• **What is required**: This exercise requires an exact output of the listing, images omitted.

• **Data section**:
• • • • • • •
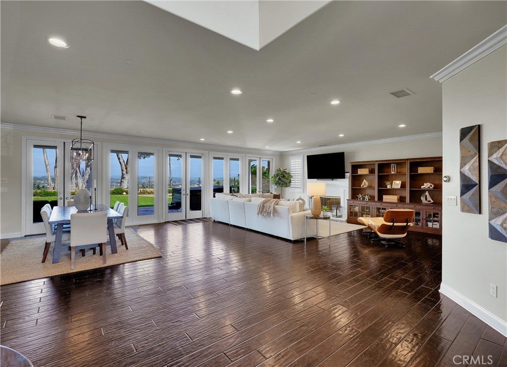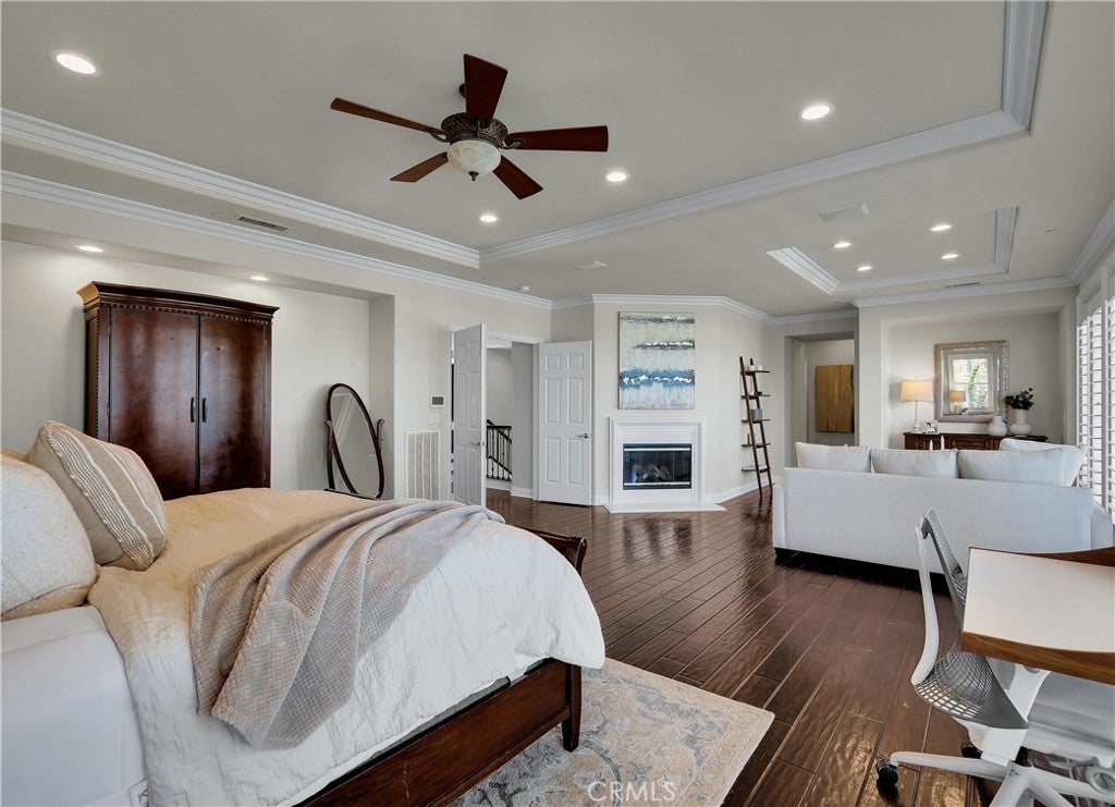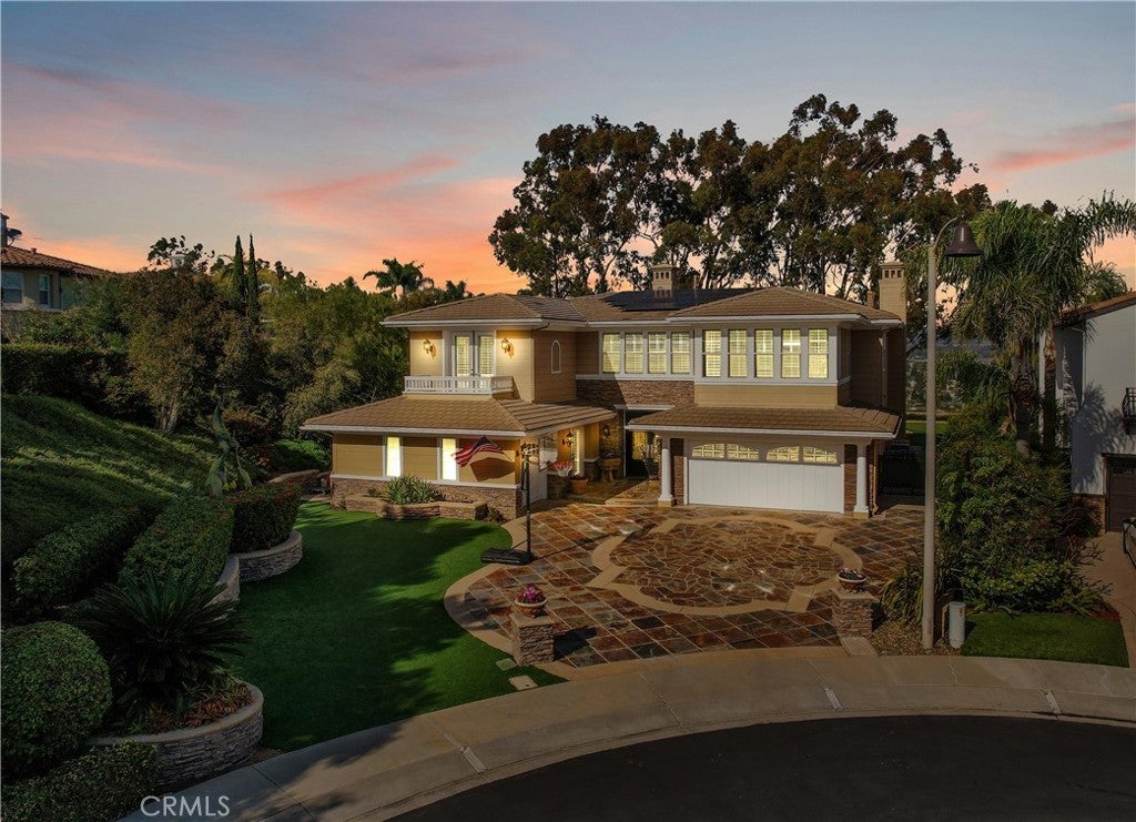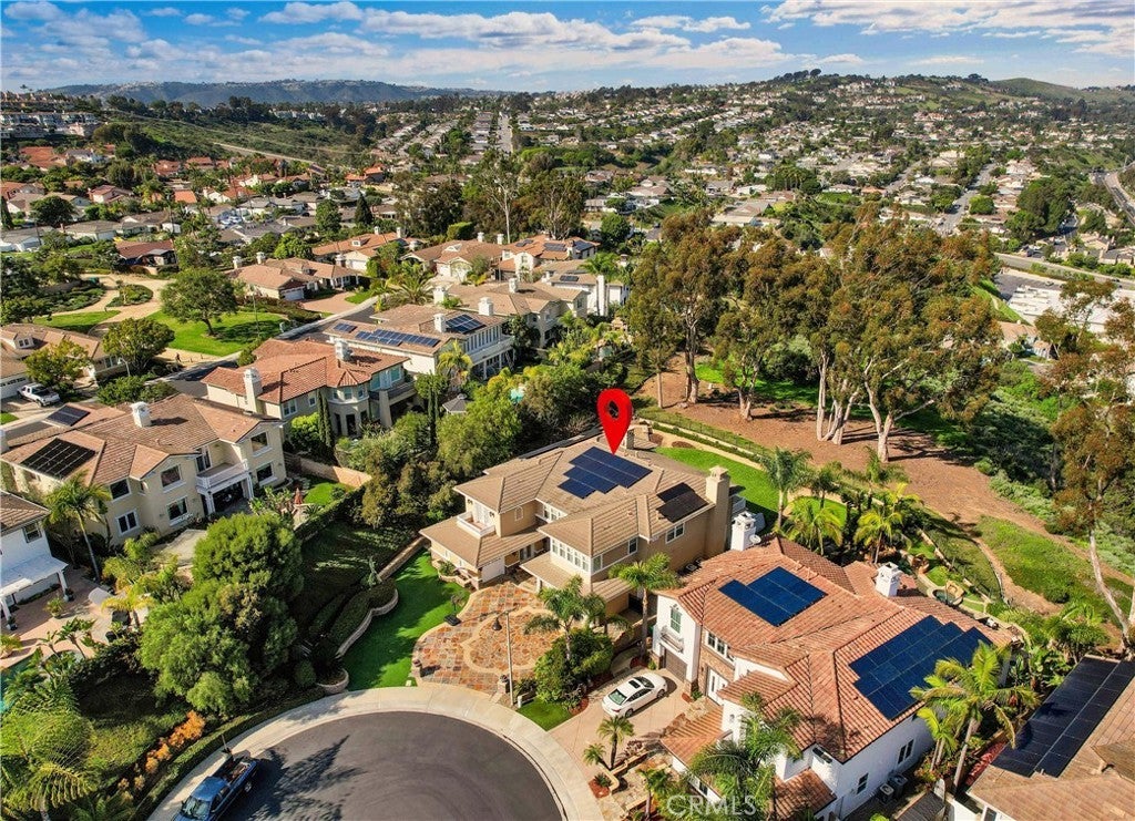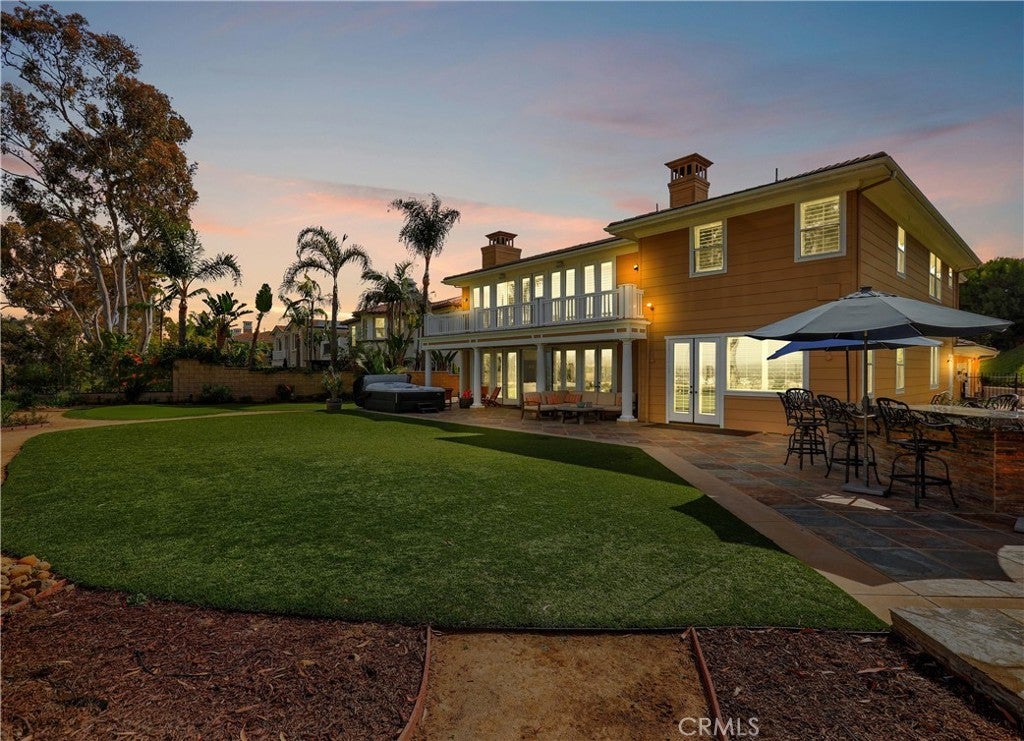 Exclusive Bal Harbour gated community, prime oversized lot at the end of a quiet cul-de-sac, breathtaking panoramic Saddleback Mountain and city light views, cool ocean breezes, expansive well-designed floor plan, sophisticated interior design, Solar system, huge entertainer’s dream backyard, and an amazing location close to Iconic Dana Point Harbor, what more could you desire! This home has it all!!! Handsome exterior features, highly manicured landscaping, and a stately, wrought iron double door entry create a dramatic first impression. Step through the sun filled foyer into the open concept formal living and dining space, blessed with an inviting fireplace, wet bar with wine cooler, and spectacular sit-down views through the wall-to-wall French doors opening to the backyard, the perfect indoor-outdoor living space for entertaining. The exquisitely updated gourmet kitchen boasts sparkling Quartzite countertops and fully tiled backsplash, stainless steel appliances, professional grade refrigerator and gas range, double ovens, center prep island with vegetable sink, breakfast bar and eat-in nook, and is open to the family room and fireplace with French doors opening to the backyard. Main level includes a highly desirable In-Law suite with French doors opening to the front courtyard for private access. Travel up the light filled staircase with upgraded wrought iron bannisters, to the breathtaking primary suite with romantic fireplace, retreat sitting area, a wall of windows filling the room with natural light, and French doors opening to the large private balcony taking full advantage of the spectacular views. The handsome primary bath has elegant cabinetry, dual vanities, a decadent soaking tub, vanity area, an oversized step in shower, his & her toilets, and a beautifully designed walk-in closet with built-in organizers. The upstairs level also includes guest bedrooms, all with En-Suite bathrooms, and an executive home office. The huge backyard with a covered patio and expansive lawn, Jacuzzi Spa, built-in bar and BBQ, outdoor fireplace, seating areas, putting greens, mature fruit trees, veggie boxes, glass fencing, and picturesque Pepper Trees provide an ideal setting for hosting parties and enjoying breathtaking views, cool ocean breezes, and 4th of July Fireworks. Walking distance to Doheny and Dana Point Harbor, hiking and biking on San Juan Creek Trail, a short stroll to St Edwards School, and close to an abundance of shopping and dining venues.
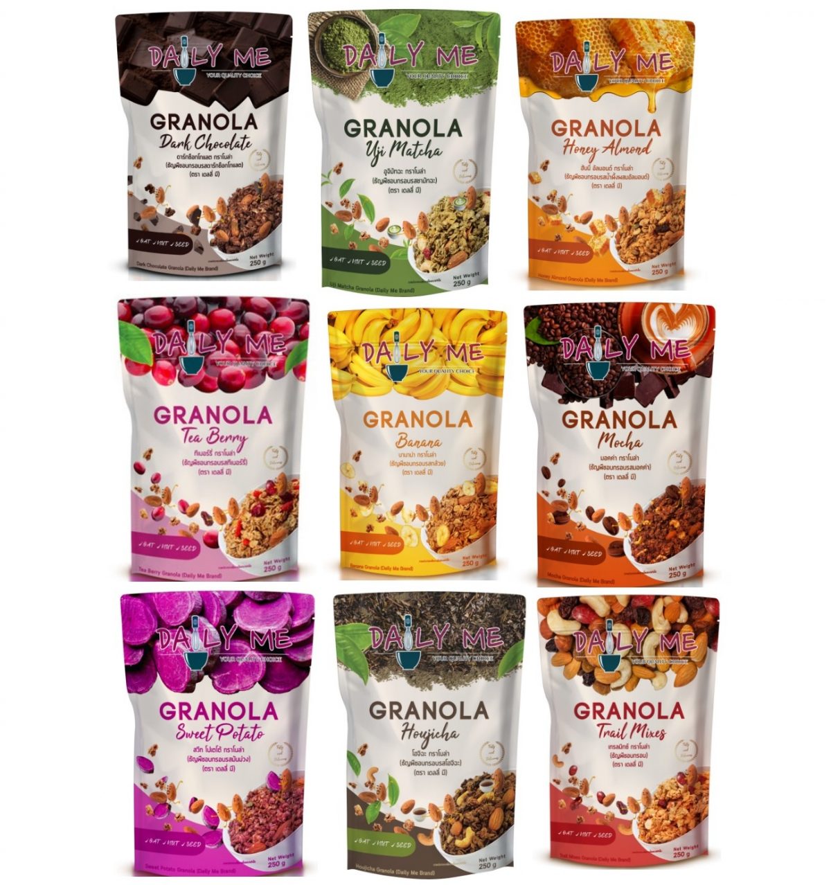 Популярная тайская гранола от Daily Me. Вес упаковки 250 гр. Доступен в 9 вкусах:
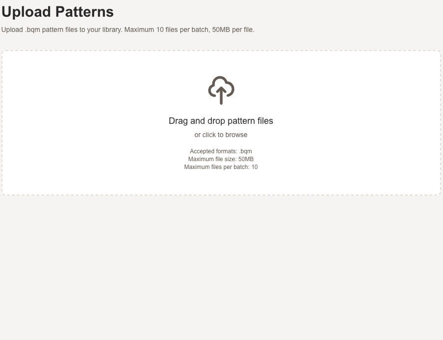 Drop your pattern files directly into the library. We generate a clean preview automatically — no screenshotting required.
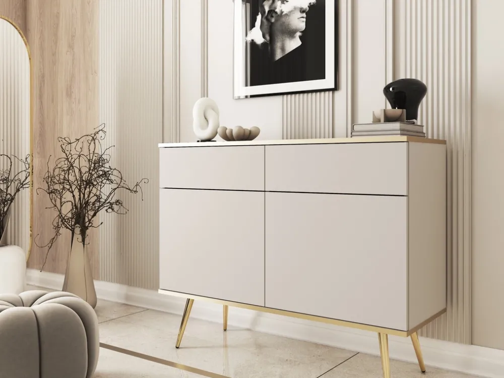 Zestawy Mebli Do Salonu|Komody>PIASKI Mała dwudrzwiowa komoda z szufladami 107 cm ORVIETO beż
• • • • • • •
• **Worked solution**:
 Exclusive Bal Harbour gated community, prime oversized lot at the end of a quiet cul-de-sac, breathtaking panoramic Saddleback Mountain and city light views, cool ocean breezes, expansive well-designed floor plan, sophisticated interior design, Solar system, huge entertainer’s dream backyard, and an amazing location close to Iconic Dana Point Harbor, what more could you desire! This home has it all!!! Handsome exterior features, highly manicured landscaping, and a stately, wrought iron double door entry create a dramatic first impression. Step through the sun filled foyer into the open concept formal living and dining space, blessed with an inviting fireplace, wet bar with wine cooler, and spectacular sit-down views through the wall-to-wall French doors opening to the backyard, the perfect indoor-outdoor living space for entertaining. The exquisitely updated gourmet kitchen boasts sparkling Quartzite countertops and fully tiled backsplash, stainless steel appliances, professional grade refrigerator and gas range, double ovens, center prep island with vegetable sink, breakfast bar and eat-in nook, and is open to the family room and fireplace with French doors opening to the backyard. Main level includes a highly desirable In-Law suite with French doors opening to the front courtyard for private access. Travel up the light filled staircase with upgraded wrought iron bannisters, to the breathtaking primary suite with romantic fireplace, retreat sitting area, a wall of windows filling the room with natural light, and French doors opening to the large private balcony taking full advantage of the spectacular views. The handsome primary bath has elegant cabinetry, dual vanities, a decadent soaking tub, vanity area, an oversized step in shower, his & her toilets, and a beautifully designed walk-in closet with built-in organizers. The upstairs level also includes guest bedrooms, all with En-Suite bathrooms, and an executive home office. The huge backyard with a covered patio and expansive lawn, Jacuzzi Spa, built-in bar and BBQ, outdoor fireplace, seating areas, putting greens, mature fruit trees, veggie boxes, glass fencing, and picturesque Pepper Trees provide an ideal setting for hosting parties and enjoying breathtaking views, cool ocean breezes, and 4th of July Fireworks. Walking distance to Doheny and Dana Point Harbor, hiking and biking on San Juan Creek Trail, a short stroll to St Edwards School, and close to an abundance of shopping and dining venues.
 Популярная тайская гранола от Daily Me. Вес упаковки 250 гр. Доступен в 9 вкусах:
 Drop your pattern files directly into the library. We generate a clean preview automatically — no screenshotting required.
 Zestawy Mebli Do Salonu|Komody>PIASKI Mała dwudrzwiowa komoda z szufladami 107 cm ORVIETO beż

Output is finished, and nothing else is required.